PDF File Format Explained: A Beginner's Guide

The PDF is everywhere. It's the format your boss emails contracts in, the format governments accept for forms, the format your bank uses for statements, the format your phone produces when you "Save as PDF" from any document. For something so ubiquitous, surprisingly few people know what's actually inside one, why it works the way it does, or what makes it different from a Word document or an image.

This guide is the friendly version: enough technical depth to understand what a PDF really is, but no specification-document jargon. By the end, you'll know what's inside a typical PDF, why some PDFs let you select text while others don't, and why certain operations on PDFs (like editing) are harder than they should be.

A short history

In 1991, Adobe co-founder John Warnock published a paper called "The Camelot Project." The premise was simple: documents created on any computer, in any application, should be viewable on any other computer, in identical form, forever. At the time, sharing documents between Mac and Windows was painful. Fonts didn't transfer. Layouts shifted. Print output looked different from screen output.

The solution Adobe shipped two years later was the Portable Document Format — PDF 1.0. The pitch: a single file format that captures the visual result of a document, including embedded fonts, exact layout, and printable instructions. Open it on any device, it looks the same.

PDF 1.0 was a paid product (you needed Acrobat to create files). But Adobe released the specification publicly, which meant anyone could write tools that read or wrote PDFs.
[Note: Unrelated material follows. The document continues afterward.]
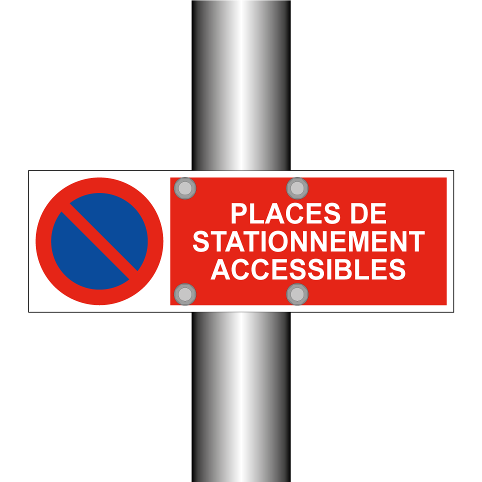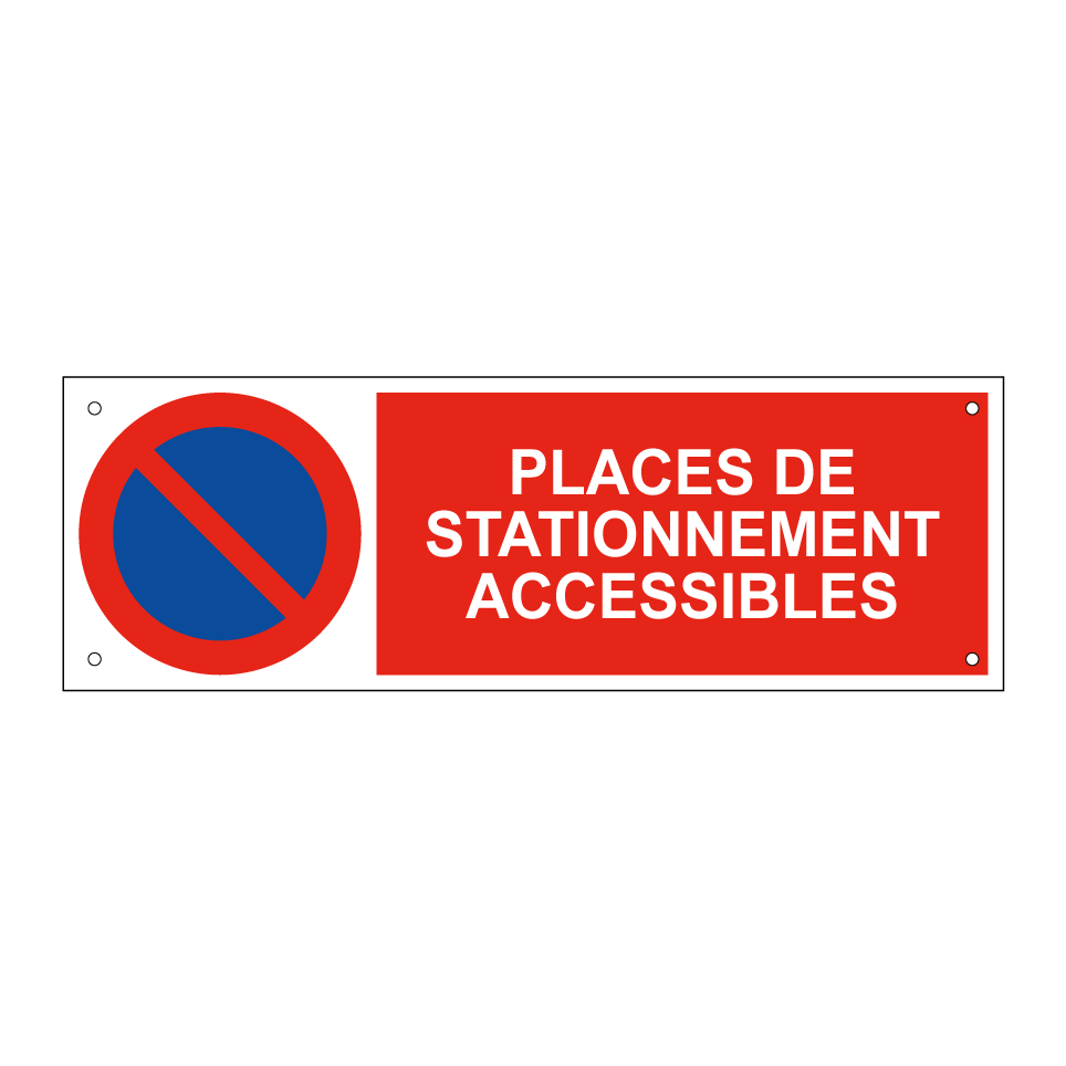 Panneau d'interdiction de stationner avec le texte : "Places de stationnement accessibles" et une symbolique claire.

That openness drove adoption faster than Adobe could have alone. Today, PDF is an ISO standard (ISO 32000) and tens of thousands of tools work with the format.

What's inside a PDF

A PDF file is structured like a small database. Internally, every PDF contains:

Header — declares the PDF version (%PDF-1.7, etc.)
Body — a series of objects representing pages, fonts, images, content streams
Cross-reference table — a directory that says "object 47 is at byte offset 18,294"
Trailer — points to the start of the cross-reference table

Each object can be:

A page — describes one page's size, content, and resources
A content stream — a sequence of drawing commands (like "draw the letter A at this position in this font")
A font — full or subset font data
An image — embedded raster image
A form (XObject) — a reusable drawing object
A metadata dictionary — author, title, creation date

When you open a PDF, the viewer reads the trailer, jumps to the cross-reference table, finds the root page object, and starts rendering. The structure is designed for fast random access — you can open a 1000-page PDF and jump to page 500 without reading the previous 499.

Why text in PDFs is sometimes selectable and sometimes not

This trips people up constantly. You try to copy text from a PDF and either nothing happens or you get a rectangle highlight. What's going on?

Text-based PDFs store text as character codes plus drawing instructions: "place the character 'H' at position (72, 720) in 12-point Times." You can copy, search, and resize this text without quality loss because it's stored as text.

Image-based PDFs store pages as images. Each page is essentially a JPEG or TIFF embedded in the PDF. There is no text as such — only pixels arranged to look like text. You can't copy, search, or extract this text without first running it through OCR (Optical Character Recognition).

Scanners and many phone scanner apps produce image-based PDFs by default. Word, Google Docs, LaTeX, and similar tools produce text-based PDFs. A "Save as PDF" from a browser or word processor almost always gives you text-based output.

Tip

Quick test: open a PDF and try to select a word. If the cursor moves through the text letter by letter, it's text-based. If selection grabs whole rectangles, it's image-based and you'd need OCR to extract the text.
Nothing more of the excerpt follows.